LS Tirauetec earns revenue by building system software and solutions that control and manage manufacturing and logistics equipment for its clients; although classified under games and software, its real axis is factory and logistics automation software. On December 10, 2025 it disclosed a supply contract worth ₩5.7 billion (10.5% of recent revenue), and on September 5 a subsidiary's rights offering (₩5.0 billion in operating funds), while revenue has kept rising and its quarterly growth rate has climbed back into the double digits, with operating losses narrowing year after year in a recovery phase. The key point to watch now is that if orders translate into revenue and the shrinking operating loss reaches a swing to profit, the appeal against asset value (P/B of 1.24x) becomes clear at a stock price that has fallen to about -60% from its 52-week high; conversely, because the company still runs an annual loss, earnings-based metrics cannot be used, and given its small-cap nature, the one-off nature of contracts or share-count changes from rights offerings can weigh heavily on perceived value.
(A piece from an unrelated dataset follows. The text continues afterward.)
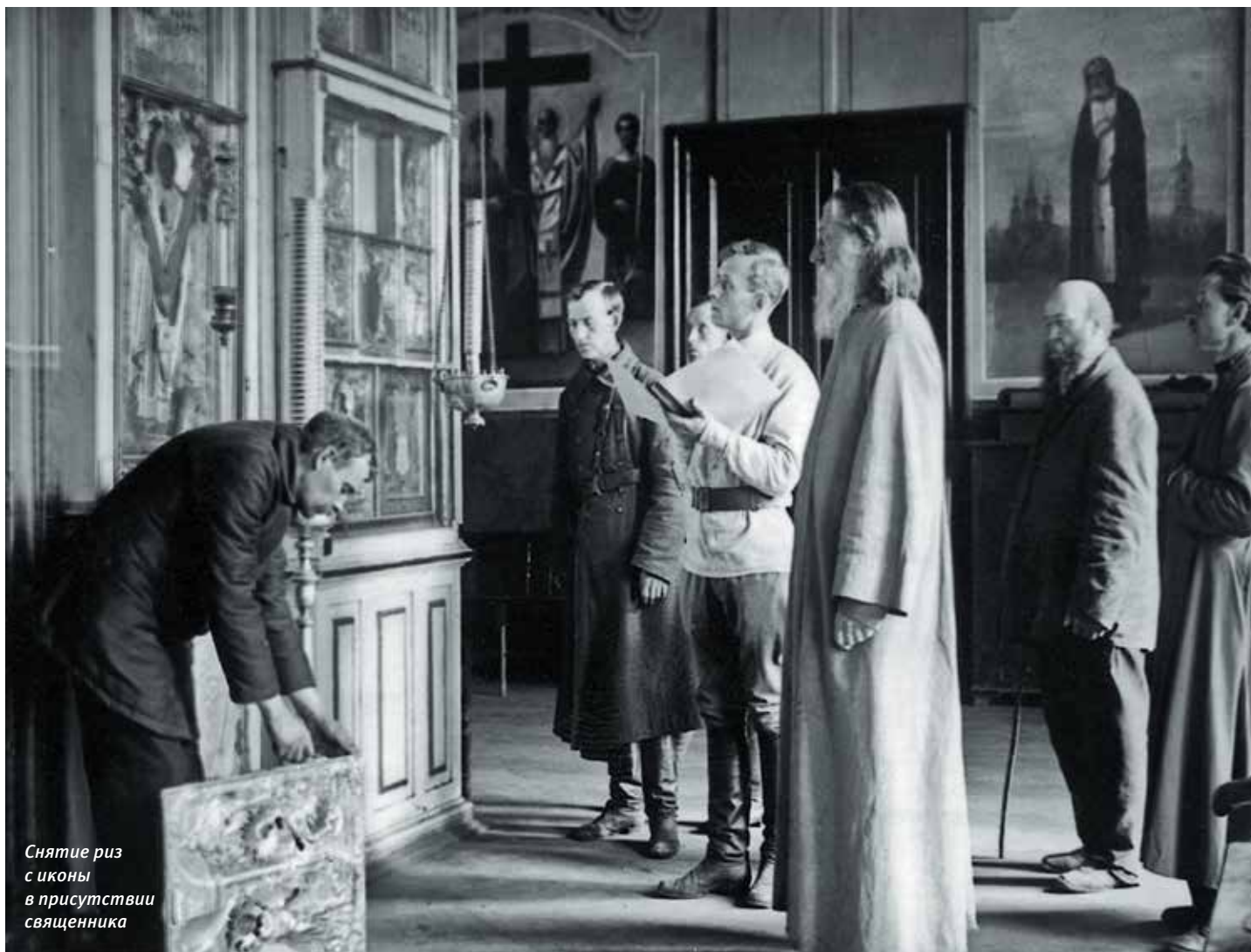
Снятие риз с иконы в присутствии священника

At-a-glance assessment financial health · growth · profitability · valuation

Financial healthModerate
  • The most recent full-year net result was a loss.
GrowthSlowing
  • Revenue rose 2.6% year over year, and the pace is slowing (3-year trend: rising).
  • Most recent quarter (Q1 2026) revenue was 15.3% higher than a year earlier.
ProfitabilityLoss-making
  • ROE is -12.0% (controlling-interest basis). It is below the sector average.
  • Operating margin is -7.3%.
ValuationUndervalued
  • P/E is hard to compute here, so this is read on P/B.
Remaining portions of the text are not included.